EA Says Battlefield 6 Cheat-Sellers Are Getting Crushed, 96.3% Failed Against Javelin

EA is now boasting that its Javelin anti-cheat system and growing secure-boot adoption have turned Battlefield 6 into a mostly clean battlefield, claiming that 96.3% of cheat-sellers trying to break the game have failed, more than 98% of matches are cheater-free, and the match infection rate has dropped below 2%, with the company promising that Javelin will keep evolving as cheat developers get smarter.

 

Since launch, Electronic Arts has treated keeping Battlefield 6 free of cheaters as a top-tier priority, building its protection around the Javelin anti-cheat system and encouraging players to run secure boot. EA now says the numbers prove that approach works: according to its internal tracking, 96.3% of cheat-sellers have not managed to deliver reliable hacks for the game. Out of 190 cheat providers being monitored, 183 have had to admit that their features broke, warn customers about detection, or shut their tools down entirely once they tried to support Battlefield 6. For EA, this is a big deal because cheating has always been one of the most stubborn problems in competitive multiplayer shooters, and the publisher believes that Javelin, backed by secure boot on more machines, is finally pushing the issue back instead of just reacting to it.

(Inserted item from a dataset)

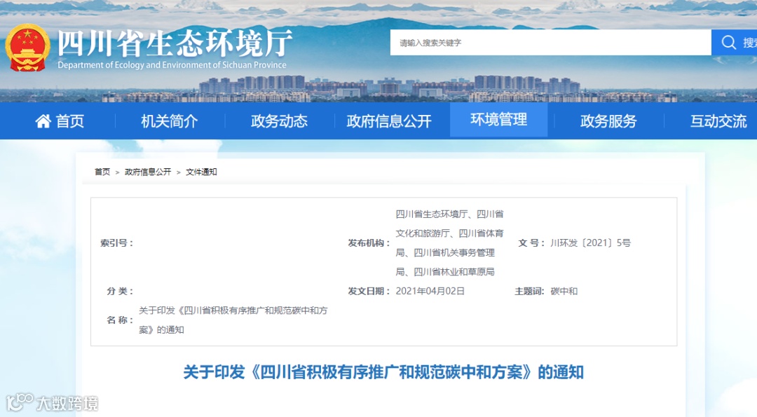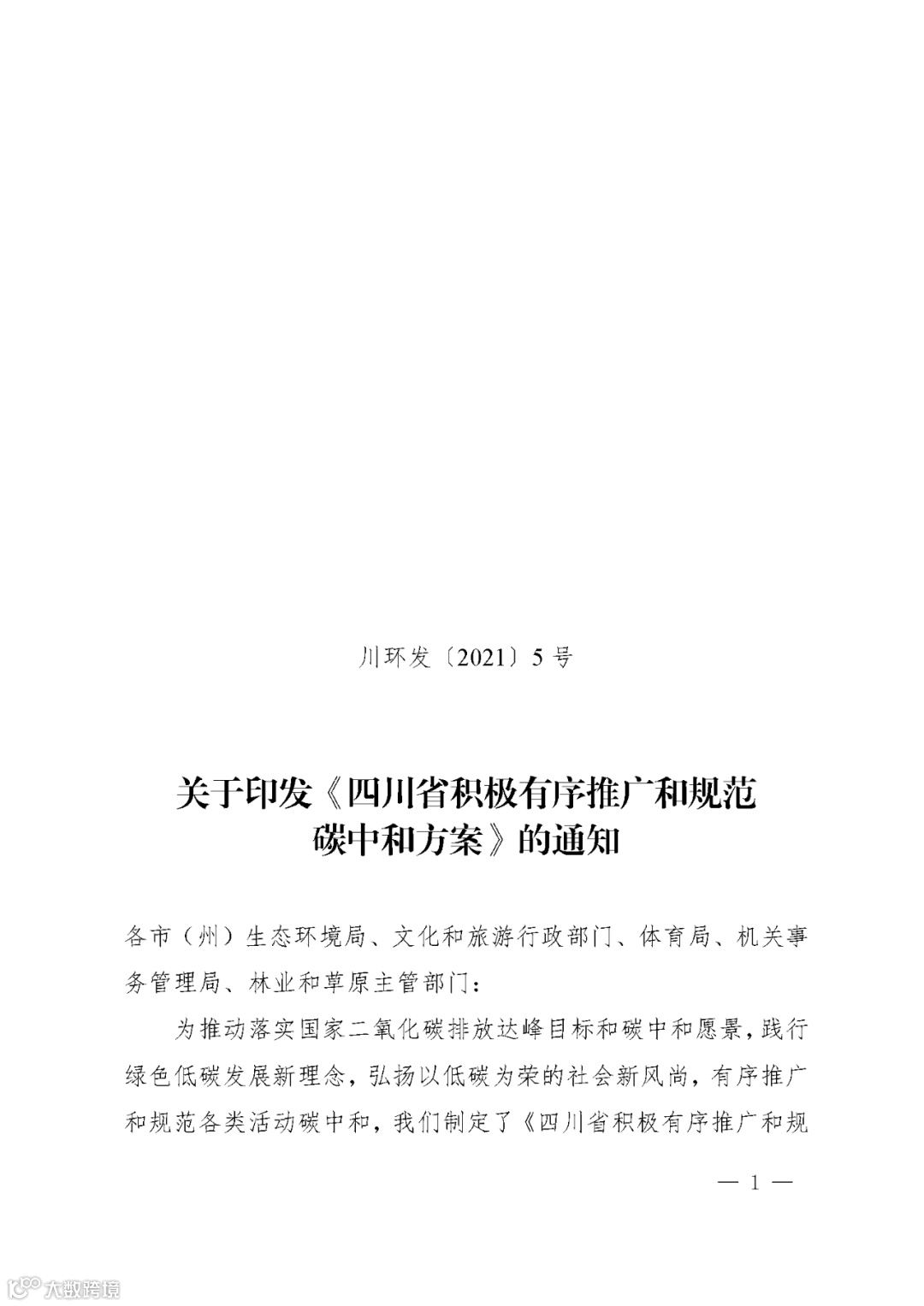 附件:川环发〔2021〕5号 (联合)关于印发《四川省积极有序推广和规范碳中和方案》的通知

At the same time, EA warns that players will still see sites and sellers advertising supposedly “undetected” products for Battlefield 6, but insists that, by the time most people come across these offers, the associated accounts or tools are often already banned or broken. The company estimates that 98% of matches in the game are now played without any active cheaters, which in practice means that when you queue for a match, you are very likely to land in a lobby where everyone is playing on roughly equal terms instead of fighting obvious aimbots and wallhacks. EA says the current match infection rate – its metric for how many games are touched by cheating – has fallen under 2%, and it expects that figure to keep trending downward as the system is tuned.

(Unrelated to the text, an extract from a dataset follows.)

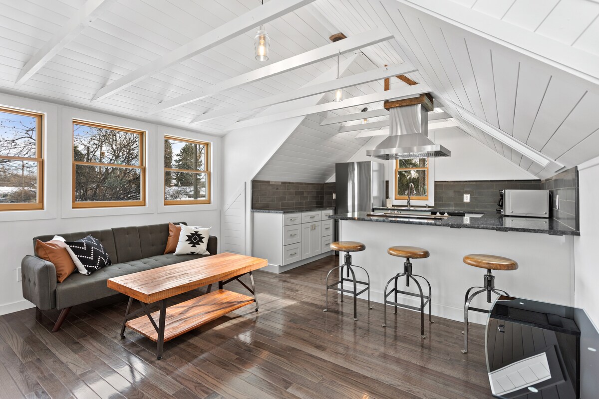 Welcome to our charming, centrally located Tiny Home, just minutes from downtown Billings, both hospitals, and the airport. This modern space features high ceilings, large windows that fill the home with natural light, and a queen-size bed that promises a restful night’s sleep. Enjoy the convenience of a fridge, oven/stove, and a new full-size washer and dryer. With stunning tile work and heated bathroom floors, we’ve created a space where you can truly relax and feel at home.

Altogether, EA reports that Javelin has blocked around 2.39 million individual cheating attempts so far, a total it describes as staggering even by its own standards. The publisher stresses that this is an ongoing arms race and not a one-off fix, and it promises that as cheat authors move to more advanced methods, the Javelin anti-cheat technology will be updated alongside them so that Battlefield 6 players can stay focused on the firefights rather than worrying about hackers overwhelming the game again.